To do
Please give again every entry exactly as it appears, setting aside the pictures.

Dataset excerpts:
──────
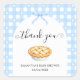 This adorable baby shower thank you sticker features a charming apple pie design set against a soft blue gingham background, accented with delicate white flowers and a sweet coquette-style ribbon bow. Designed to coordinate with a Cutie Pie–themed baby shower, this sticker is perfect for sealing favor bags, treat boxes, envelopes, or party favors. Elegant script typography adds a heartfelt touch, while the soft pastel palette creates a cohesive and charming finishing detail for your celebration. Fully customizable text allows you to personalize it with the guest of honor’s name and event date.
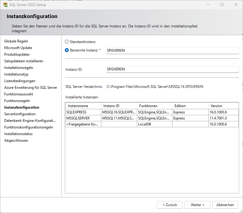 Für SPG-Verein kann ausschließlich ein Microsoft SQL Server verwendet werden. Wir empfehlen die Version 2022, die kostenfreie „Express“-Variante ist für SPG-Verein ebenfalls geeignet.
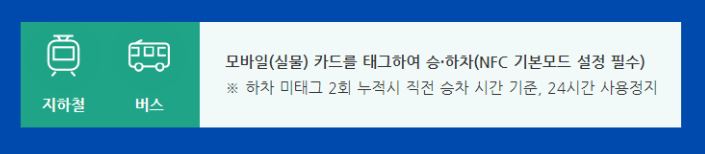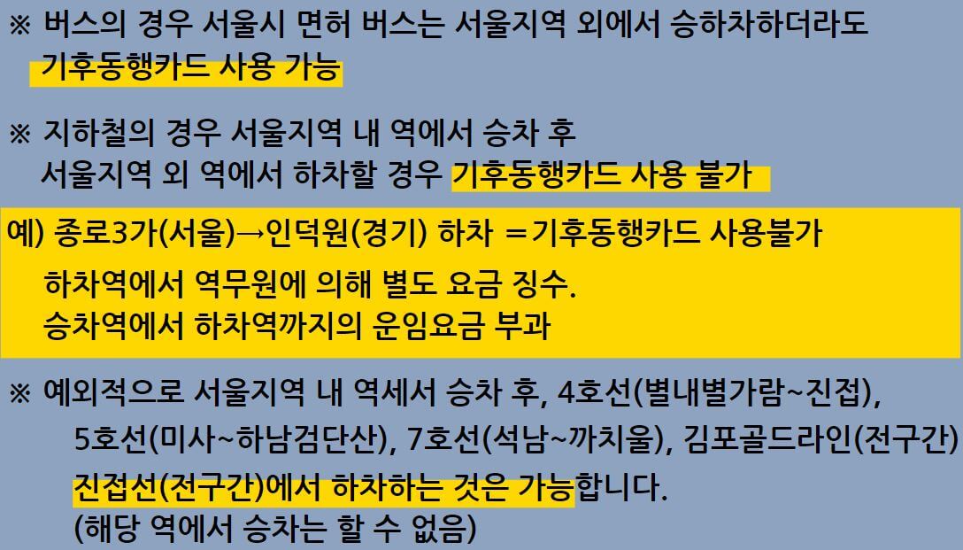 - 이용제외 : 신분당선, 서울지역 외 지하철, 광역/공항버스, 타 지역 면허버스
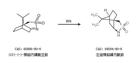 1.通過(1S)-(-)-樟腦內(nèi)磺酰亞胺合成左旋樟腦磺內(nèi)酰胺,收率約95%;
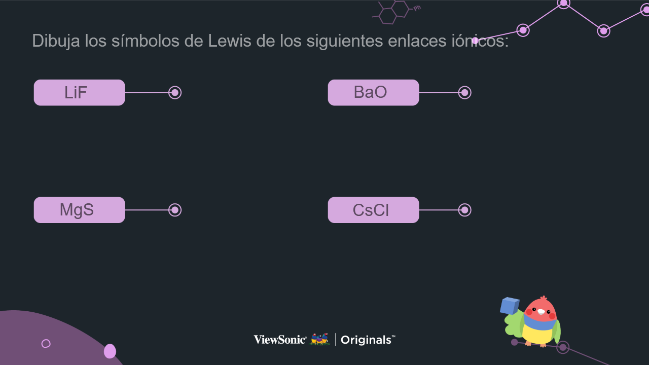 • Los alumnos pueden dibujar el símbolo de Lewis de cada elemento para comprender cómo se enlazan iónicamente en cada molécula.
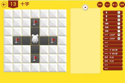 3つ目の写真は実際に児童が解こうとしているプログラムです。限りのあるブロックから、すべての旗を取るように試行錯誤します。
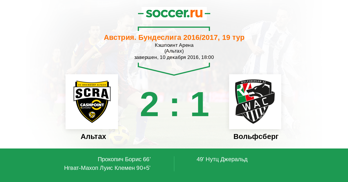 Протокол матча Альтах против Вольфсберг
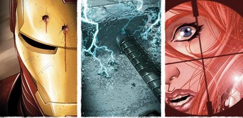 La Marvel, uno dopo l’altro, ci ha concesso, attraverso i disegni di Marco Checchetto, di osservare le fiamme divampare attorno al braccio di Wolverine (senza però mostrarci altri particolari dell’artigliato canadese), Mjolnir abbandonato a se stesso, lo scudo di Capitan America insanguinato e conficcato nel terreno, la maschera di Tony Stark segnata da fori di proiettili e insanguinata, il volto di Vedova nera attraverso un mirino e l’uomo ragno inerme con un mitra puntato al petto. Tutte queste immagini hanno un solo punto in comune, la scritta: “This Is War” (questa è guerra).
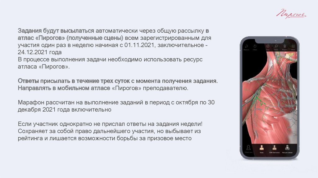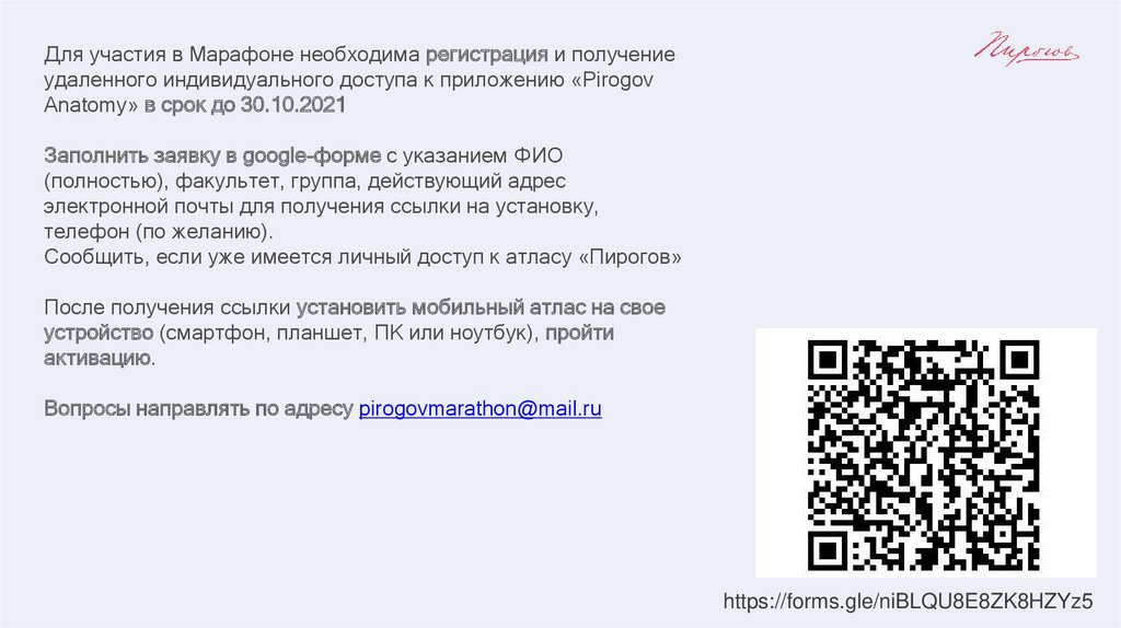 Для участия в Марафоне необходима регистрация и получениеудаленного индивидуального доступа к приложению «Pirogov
──────
Answer
 This adorable baby shower thank you sticker features a charming apple pie design set against a soft blue gingham background, accented with delicate white flowers and a sweet coquette-style ribbon bow. Designed to coordinate with a Cutie Pie–themed baby shower, this sticker is perfect for sealing favor bags, treat boxes, envelopes, or party favors. Elegant script typography adds a heartfelt touch, while the soft pastel palette creates a cohesive and charming finishing detail for your celebration. Fully customizable text allows you to personalize it with the guest of honor’s name and event date.
 Für SPG-Verein kann ausschließlich ein Microsoft SQL Server verwendet werden. Wir empfehlen die Version 2022, die kostenfreie „Express“-Variante ist für SPG-Verein ebenfalls geeignet.
 - 이용제외 : 신분당선, 서울지역 외 지하철, 광역/공항버스, 타 지역 면허버스
 1.通過(1S)-(-)-樟腦內(nèi)磺酰亞胺合成左旋樟腦磺內(nèi)酰胺,收率約95%;
 • Los alumnos pueden dibujar el símbolo de Lewis de cada elemento para comprender cómo se enlazan iónicamente en cada molécula.
 3つ目の写真は実際に児童が解こうとしているプログラムです。限りのあるブロックから、すべての旗を取るように試行錯誤します。
 Протокол матча Альтах против Вольфсберг
 La Marvel, uno dopo l’altro, ci ha concesso, attraverso i disegni di Marco Checchetto, di osservare le fiamme divampare attorno al braccio di Wolverine (senza però mostrarci altri particolari dell’artigliato canadese), Mjolnir abbandonato a se stesso, lo scudo di Capitan America insanguinato e conficcato nel terreno, la maschera di Tony Stark segnata da fori di proiettili e insanguinata, il volto di Vedova nera attraverso un mirino e l’uomo ragno inerme con un mitra puntato al petto. Tutte queste immagini hanno un solo punto in comune, la scritta: “This Is War” (questa è guerra).
 Для участия в Марафоне необходима регистрация и получениеудаленного индивидуального доступа к приложению «Pirogov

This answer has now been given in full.